I'd personally assume sooty RY's (e/e) but what do I know.


----------



## madmouse

Seafolly: The majority of other posters on another forum have voted for sooty e/e, but I think that only further breeding will entirely settle the matter.


----------



## TwitchingWhiskers

They look like self e/e to me, as well. They will probably loose most of the soot as they age. Edna is very pretty.


----------



## Seafolly

Oh really? Yay! I'm glad I'm finally learning something, haha.

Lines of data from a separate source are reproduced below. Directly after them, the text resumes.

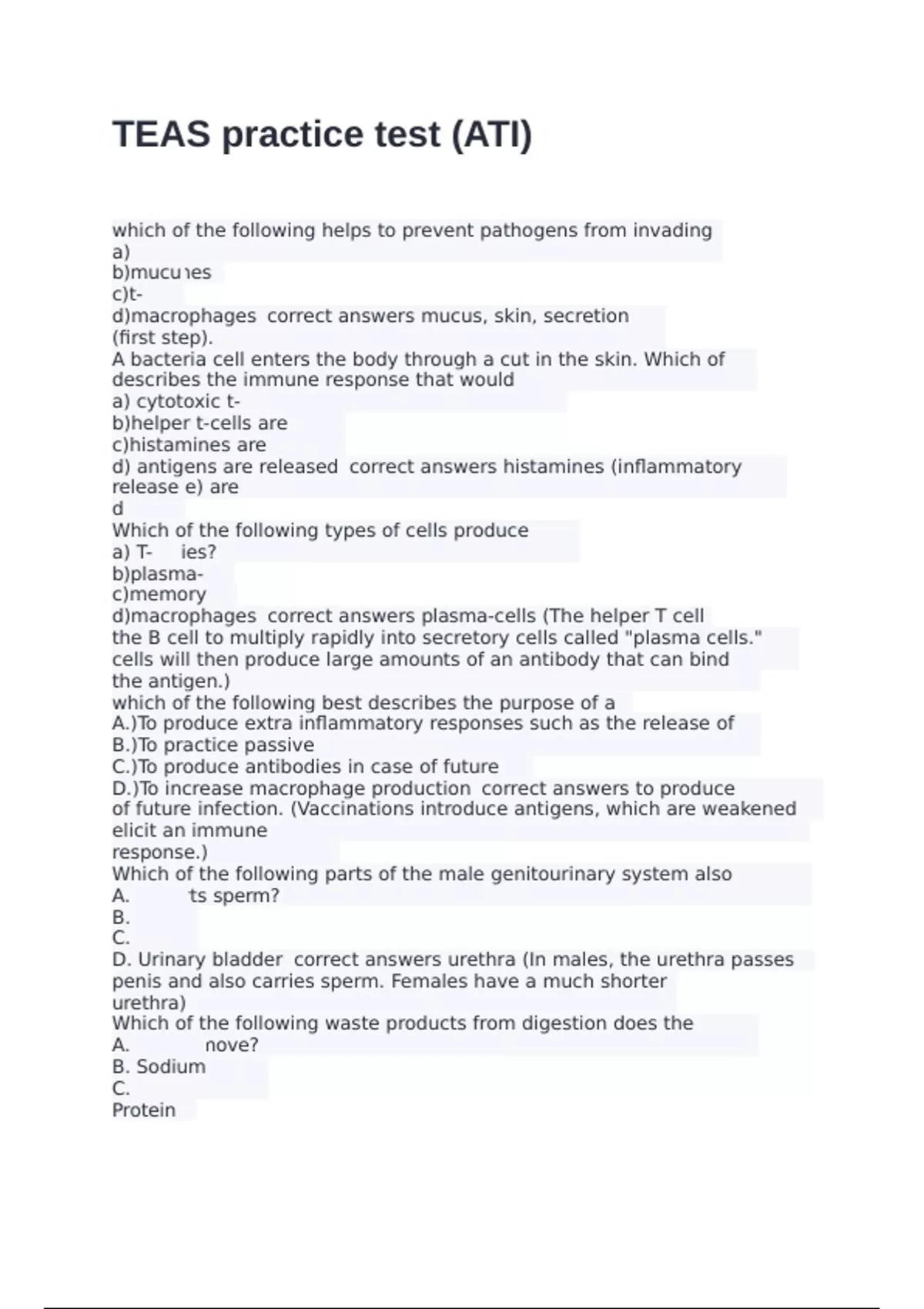 which of the following helps to prevent pathogens from invading the body? a) histamines b)mucus c)t-cells d)macrophages correct answers mucus, skin, secretion (first step). A bacteria cell enters the body through a cut in the skin. Which of the following describes the immune response that would occur next? a) cytotoxic t-cells b)helper t-cells are activated c)histamines are released d) antigens are released correct answers histamines (inflammatory response) are released Which of the following types of cells produce antibodies? a) T-cell b)plasma-cells c)memory cells d)macrophages correct answers plasma-cells (The helper T cell induces the B cell to multiply rapidly into secretory cells called "plasma cells." These plasma cells will then produce large amounts of an antibody that can bind the antigen.) which of the following best describes the purpose of a vaccine? A.)To produce extra inflammatory responses such as the release of histamines B.)To practice passive immunity C.)To produce antibodies in case of future infection D.)To increase macrophage production correct answers to produce antibodies in case of future infection. (Vaccinations introduce antigens, which are weakened or killed, to elicit an immune response.) Which of the following parts of the male genitourinary system also transports sperm? A. Ureter B. Urethra C. Uterus D. Urinary bladder correct answers urethra (In males, the urethra passes through the penis and also carries sperm. Females have a much shorter urethra) Which of the following waste products from digestion does the kidney remove? A. Nitrogen B. Sodium chloride C. Protein
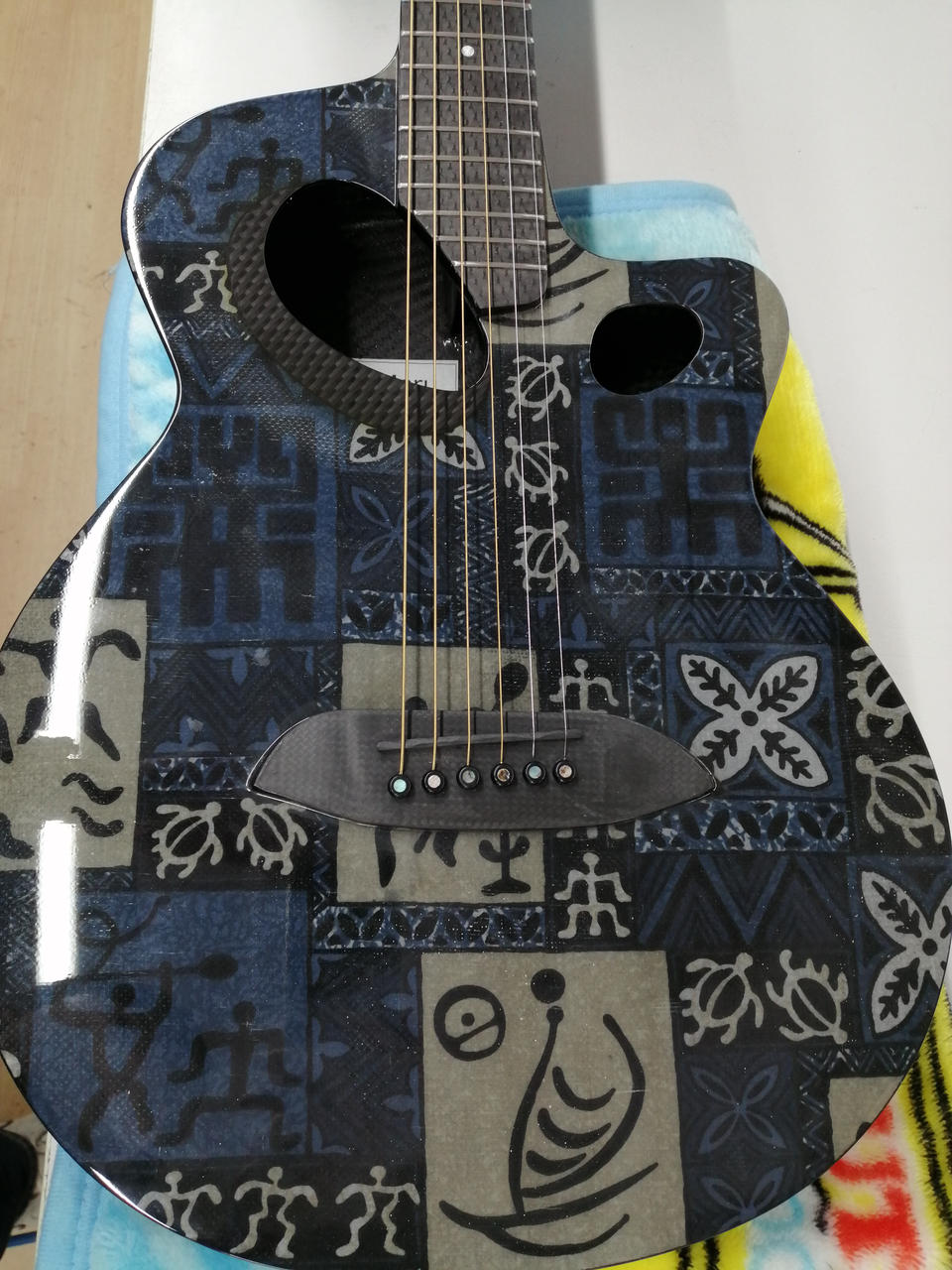 環境変化を受けにくいカーボンで製造されている為湿度、気温の変化に大変強いギター |
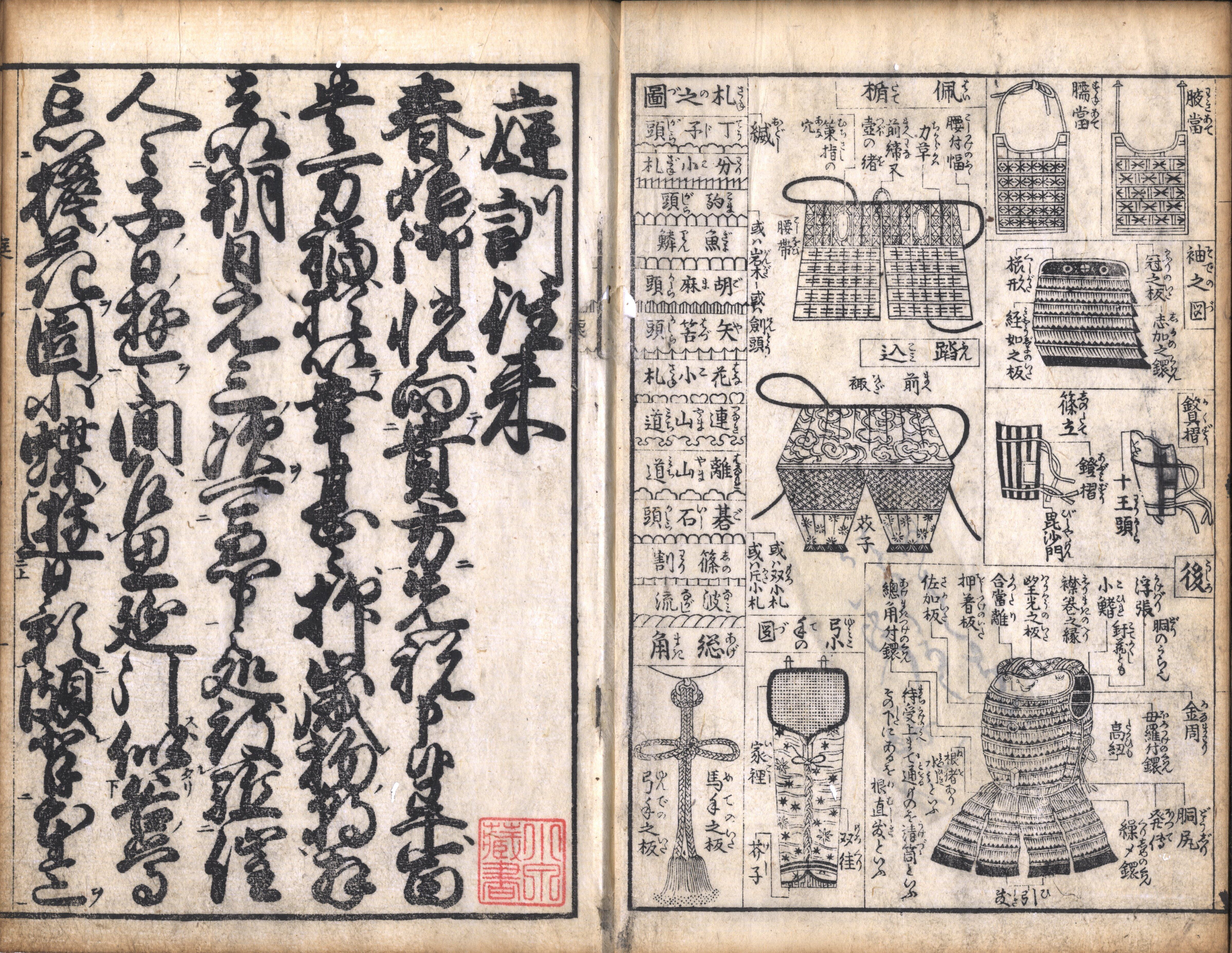 【備考】分類「往来物」。同板別本も抄録した。『庭訓往来万宝蔵』は、『庭訓往来』本文を大字・6行・無訓で記したもの。巻頭に甲冑図1丁を付す。『庭訓往来』は、古写本のみで約70種、近世より近代初頭にかけての板本は約300種に上り、中世から明治初年に至るまで最も普及した往来物の一つ。1カ月往返2通ずつ1年24通、これに単簡1通(7月状または8月状)を加えた計25通の手紙文より構成される。内容は、武家および上層・庶民の社会生活を中核として新年の会、詩歌の会、地方大名の館造り、領国の繁栄、大名・高家の饗応、司法制度・訴訟手続、将軍家の威容、寺院における大法会、大斎の行事、病気の治療法、地方行政の制度等を主題とする手紙で、各手紙とも類別単語集団を収める(衣食住370語、職分職業217語、仏教179語、武具75語、教養46語、文学16語、雑61語、計964語)。
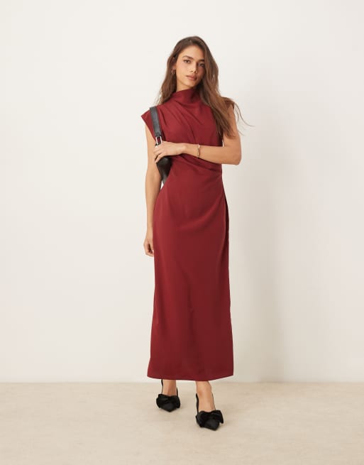 ASOS DESIGN - Hoogsluitende mouwloze midi jurk met gedrapeerde halslijn in bordeauxrood

I bred a sooty RY who looks umbrous (I'm sure she's not) as her belly is so pale, her sides so golden yellow...I actually really like the look! But yes she did lighten with age. She's 9 months now but still has that dark spine.


----------



## TwitchingWhiskers

I must admit, the sooty look is actually somewhat appealing to me, as well, _but_ only to a certain extent; recessive yellow mice that look almost agouti are not appealing to me. My recessive yellow line should be beginning soon; I have a RY and RY carrier paired up. Recessive yellow is a really nice color in my opinion, I love how they look with their black eyes.


----------



## Seafolly

Yes they need the right amount of gold to make up for the dull brown (I love the blue tones in these guys).  The little lady in my avatar is the sooty RY I'm referring to. I should probably get updated photos. But as a baby (pre-10 days), people thought she'd be agouti (though she was never ticked). Black eyed RY's are divine I agree. I was lucky enough to get one in that same litter. But it seems like the really fiery ones often have red eyes. Maybe it's coincidence.


----------



## TwitchingWhiskers

Yes, if you look at moustress's e/e based fawns, well they look pretty nice. There are lots of pink eyed varieties that I love (exhibition champagne for instance *drools*), but I think black eyes better suit recessive yellow. I've always loved your little avatar picture, it's too cute.


----------